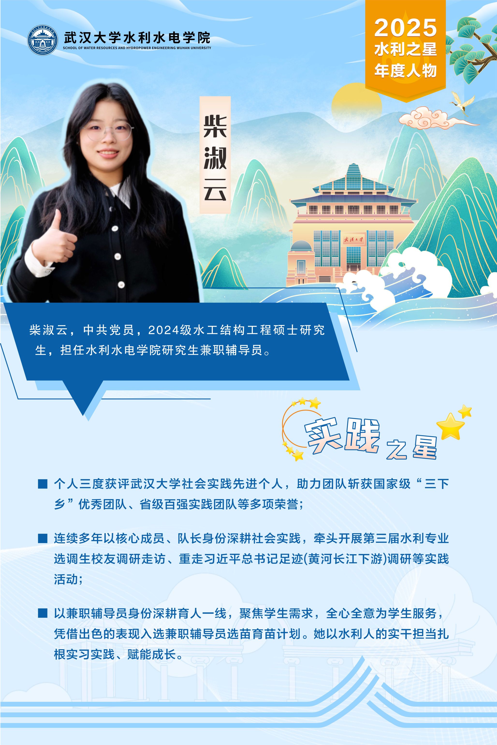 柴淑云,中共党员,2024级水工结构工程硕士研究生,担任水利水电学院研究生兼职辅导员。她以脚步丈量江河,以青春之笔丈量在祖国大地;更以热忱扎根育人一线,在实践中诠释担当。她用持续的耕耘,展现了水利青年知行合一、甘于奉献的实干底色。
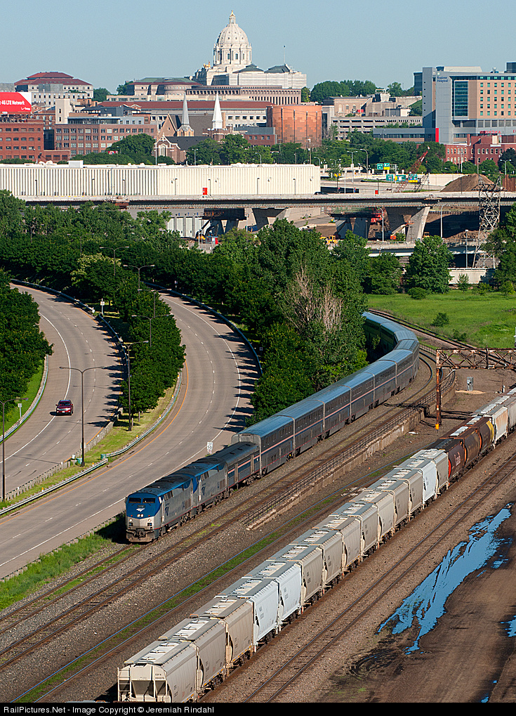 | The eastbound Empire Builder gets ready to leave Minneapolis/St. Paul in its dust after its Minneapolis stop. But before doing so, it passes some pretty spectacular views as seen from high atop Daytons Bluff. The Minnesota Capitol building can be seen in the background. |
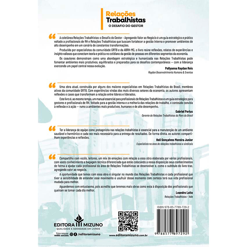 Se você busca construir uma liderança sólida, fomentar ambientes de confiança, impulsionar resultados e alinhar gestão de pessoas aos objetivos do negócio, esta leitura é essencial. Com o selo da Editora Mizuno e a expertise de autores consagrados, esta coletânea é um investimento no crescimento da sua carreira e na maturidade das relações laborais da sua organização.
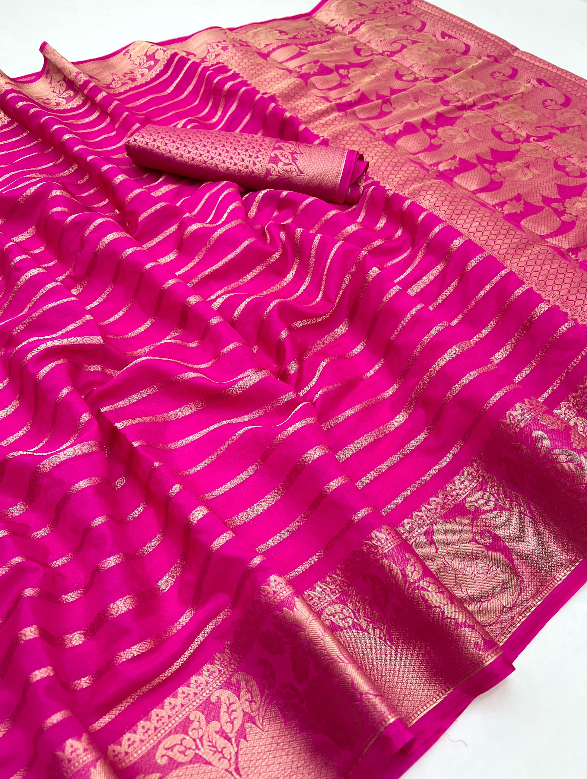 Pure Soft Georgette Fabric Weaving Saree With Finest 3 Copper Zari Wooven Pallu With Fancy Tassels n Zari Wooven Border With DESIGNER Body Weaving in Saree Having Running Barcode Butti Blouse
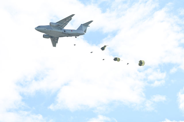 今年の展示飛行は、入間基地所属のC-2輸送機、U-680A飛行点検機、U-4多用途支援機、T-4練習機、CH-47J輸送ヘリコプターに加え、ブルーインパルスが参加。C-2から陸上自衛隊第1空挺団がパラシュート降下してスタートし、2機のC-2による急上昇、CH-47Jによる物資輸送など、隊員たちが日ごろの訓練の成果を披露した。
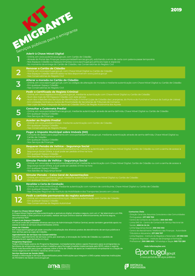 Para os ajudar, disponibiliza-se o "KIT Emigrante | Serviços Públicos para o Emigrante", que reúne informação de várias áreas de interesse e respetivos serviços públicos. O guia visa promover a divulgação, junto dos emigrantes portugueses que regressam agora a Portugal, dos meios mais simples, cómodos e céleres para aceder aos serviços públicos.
* * *
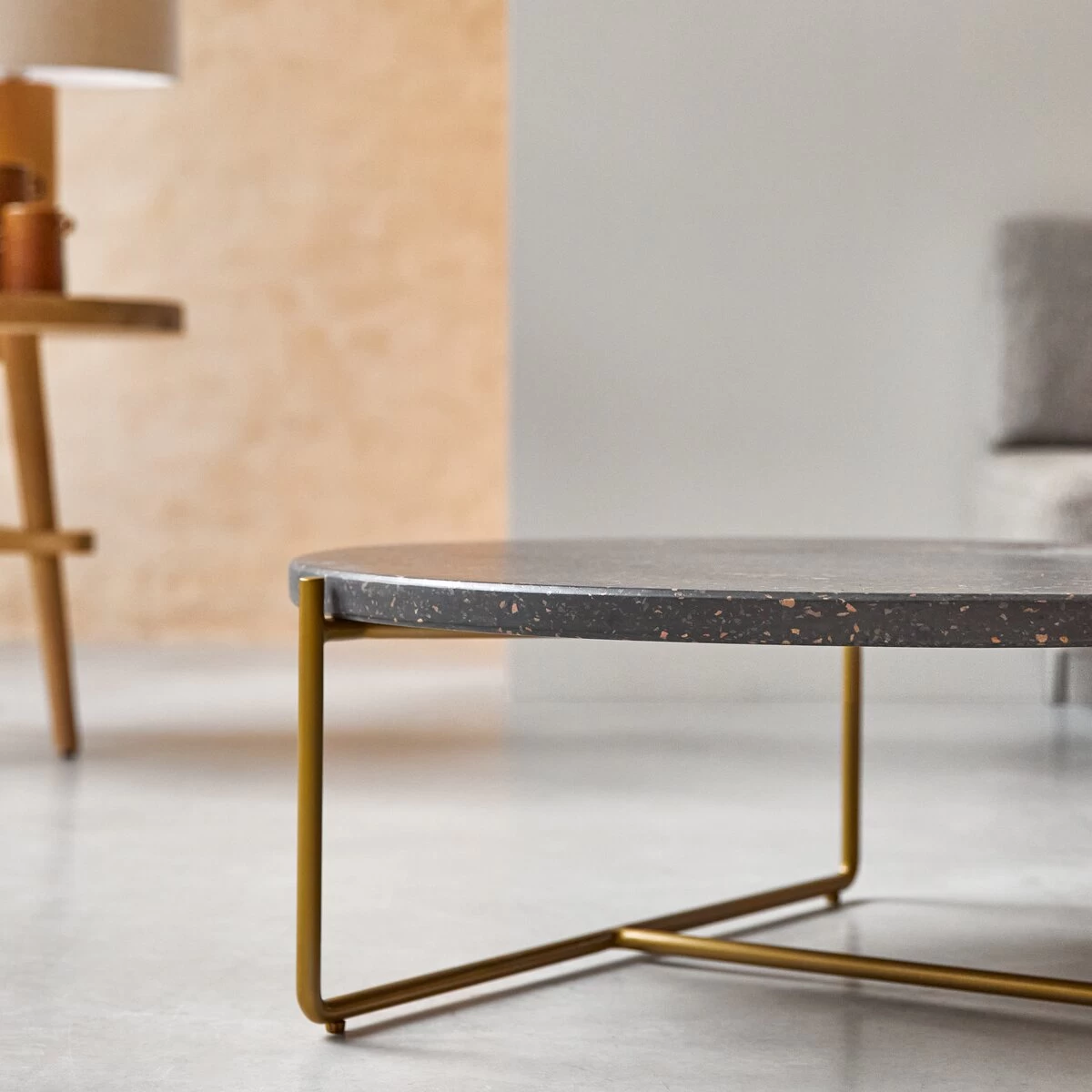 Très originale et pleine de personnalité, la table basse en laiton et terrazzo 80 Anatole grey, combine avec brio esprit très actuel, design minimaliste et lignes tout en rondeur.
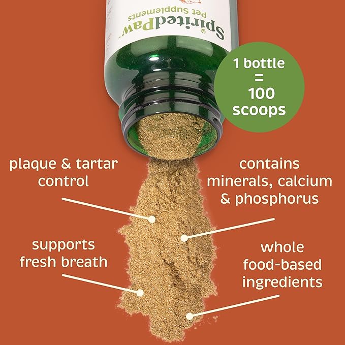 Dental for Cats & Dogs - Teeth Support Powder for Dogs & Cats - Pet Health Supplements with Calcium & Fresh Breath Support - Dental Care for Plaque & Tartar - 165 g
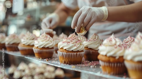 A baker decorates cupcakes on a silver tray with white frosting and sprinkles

* Exercise requirements *
Each line between the one holding "Se você busca" and the one holding "今年の展示飛行は、入間基地所", inclusive, should be copied exactly as it appears above, and pictures should be omitted.

* Answer space *
 Se você busca construir uma liderança sólida, fomentar ambientes de confiança, impulsionar resultados e alinhar gestão de pessoas aos objetivos do negócio, esta leitura é essencial. Com o selo da Editora Mizuno e a expertise de autores consagrados, esta coletânea é um investimento no crescimento da sua carreira e na maturidade das relações laborais da sua organização.
 Pure Soft Georgette Fabric Weaving Saree With Finest 3 Copper Zari Wooven Pallu With Fancy Tassels n Zari Wooven Border With DESIGNER Body Weaving in Saree Having Running Barcode Butti Blouse
 今年の展示飛行は、入間基地所属のC-2輸送機、U-680A飛行点検機、U-4多用途支援機、T-4練習機、CH-47J輸送ヘリコプターに加え、ブルーインパルスが参加。C-2から陸上自衛隊第1空挺団がパラシュート降下してスタートし、2機のC-2による急上昇、CH-47Jによる物資輸送など、隊員たちが日ごろの訓練の成果を披露した。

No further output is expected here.